[Start of section]

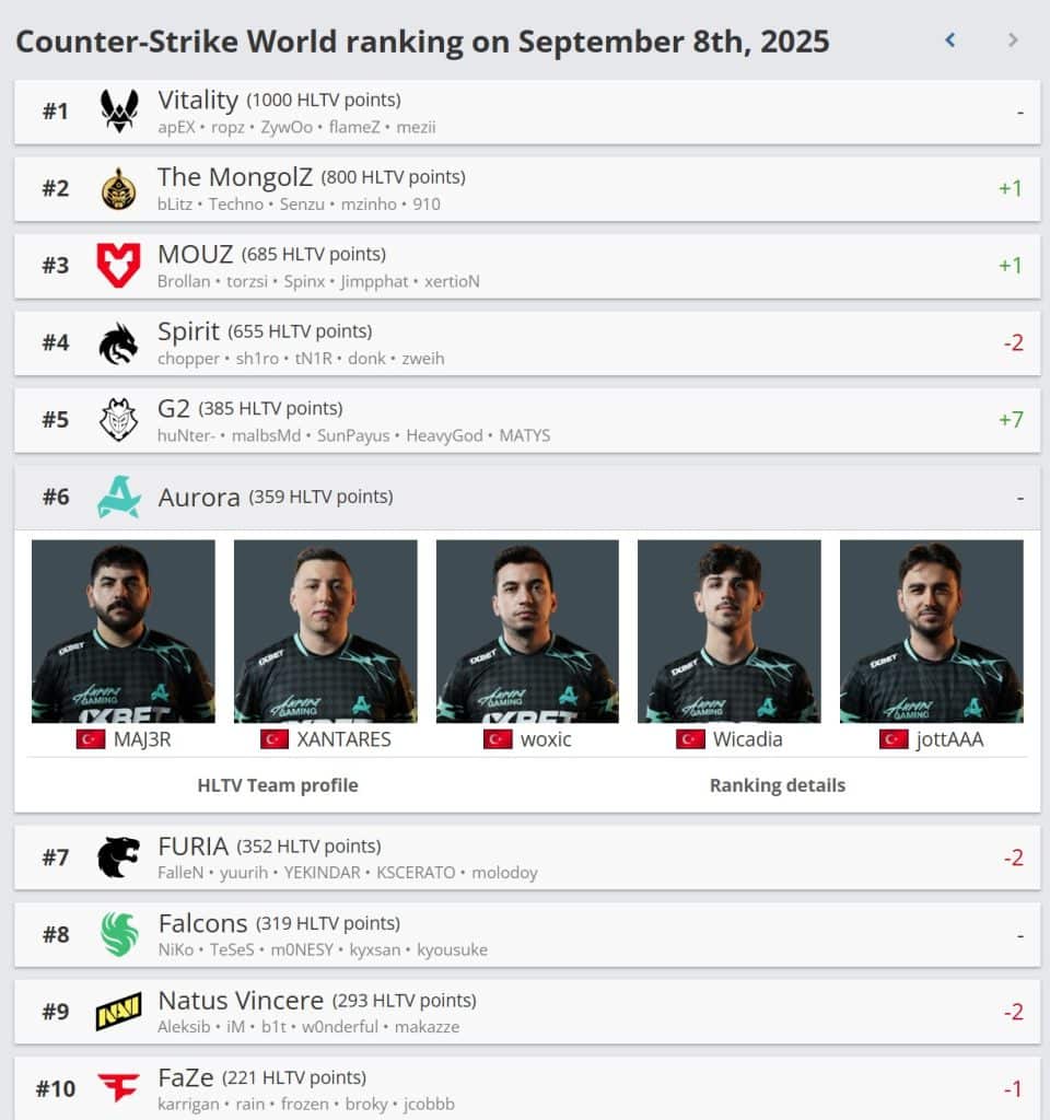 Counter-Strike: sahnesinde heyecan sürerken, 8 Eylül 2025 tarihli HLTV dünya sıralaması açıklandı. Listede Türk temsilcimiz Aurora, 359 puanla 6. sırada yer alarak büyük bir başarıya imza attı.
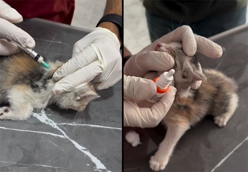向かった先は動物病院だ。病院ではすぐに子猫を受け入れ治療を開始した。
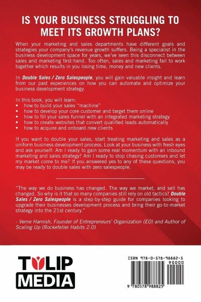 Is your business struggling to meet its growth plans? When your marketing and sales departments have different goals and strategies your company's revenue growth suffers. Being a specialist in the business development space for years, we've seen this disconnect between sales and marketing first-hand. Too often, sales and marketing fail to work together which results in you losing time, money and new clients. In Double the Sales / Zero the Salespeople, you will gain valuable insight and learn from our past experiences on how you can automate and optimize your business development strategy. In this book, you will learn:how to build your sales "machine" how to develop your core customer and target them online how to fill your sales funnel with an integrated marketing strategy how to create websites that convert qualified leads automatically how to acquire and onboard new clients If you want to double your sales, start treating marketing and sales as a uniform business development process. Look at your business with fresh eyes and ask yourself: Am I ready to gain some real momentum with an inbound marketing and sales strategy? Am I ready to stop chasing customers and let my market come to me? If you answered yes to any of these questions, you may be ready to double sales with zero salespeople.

[End of section]
[Start of section]

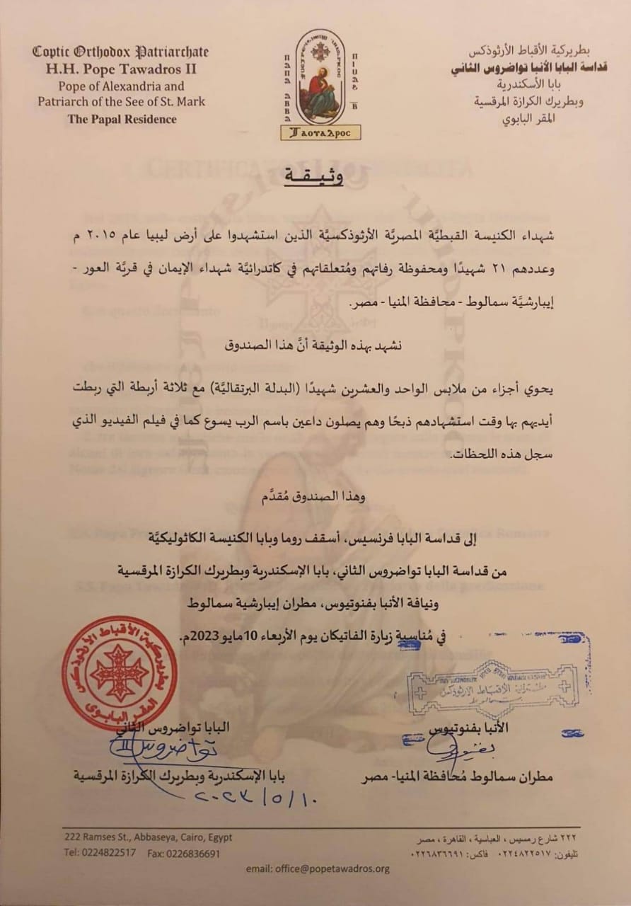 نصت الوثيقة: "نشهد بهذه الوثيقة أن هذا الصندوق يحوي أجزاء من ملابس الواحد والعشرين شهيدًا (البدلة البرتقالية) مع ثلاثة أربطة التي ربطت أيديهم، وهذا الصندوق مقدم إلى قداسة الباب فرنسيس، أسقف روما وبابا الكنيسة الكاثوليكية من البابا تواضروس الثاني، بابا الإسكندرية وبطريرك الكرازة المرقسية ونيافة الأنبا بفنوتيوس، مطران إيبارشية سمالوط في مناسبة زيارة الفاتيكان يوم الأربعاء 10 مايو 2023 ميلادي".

[End of section]
[Start of section]

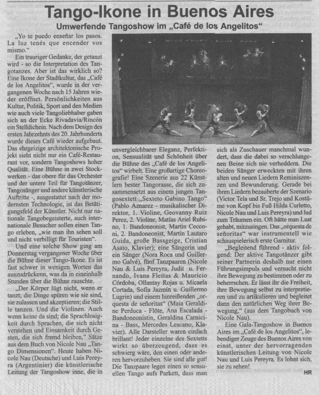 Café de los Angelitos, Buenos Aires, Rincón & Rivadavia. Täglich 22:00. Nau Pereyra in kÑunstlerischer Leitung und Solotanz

[End of section]

ASSIGNMENT: Both the line containing "向かった先は動物病院だ。病院ではすぐに子猫を受け入れ治療を開始した。" and the line containing "Is your business" above belong in the output, as do the lines between them. Print them exactly, without pictures.

RESPONSE TO THIS EXERCISE:
向かった先は動物病院だ。病院ではすぐに子猫を受け入れ治療を開始した。
 Is your business struggling to meet its growth plans? When your marketing and sales departments have different goals and strategies your company's revenue growth suffers. Being a specialist in the business development space for years, we've seen this disconnect between sales and marketing first-hand. Too often, sales and marketing fail to work together which results in you losing time, money and new clients. In Double the Sales / Zero the Salespeople, you will gain valuable insight and learn from our past experiences on how you can automate and optimize your business development strategy. In this book, you will learn:how to build your sales "machine" how to develop your core customer and target them online how to fill your sales funnel with an integrated marketing strategy how to create websites that convert qualified leads automatically how to acquire and onboard new clients If you want to double your sales, start treating marketing and sales as a uniform business development process. Look at your business with fresh eyes and ask yourself: Am I ready to gain some real momentum with an inbound marketing and sales strategy? Am I ready to stop chasing customers and let my market come to me? If you answered yes to any of these questions, you may be ready to double sales with zero salespeople.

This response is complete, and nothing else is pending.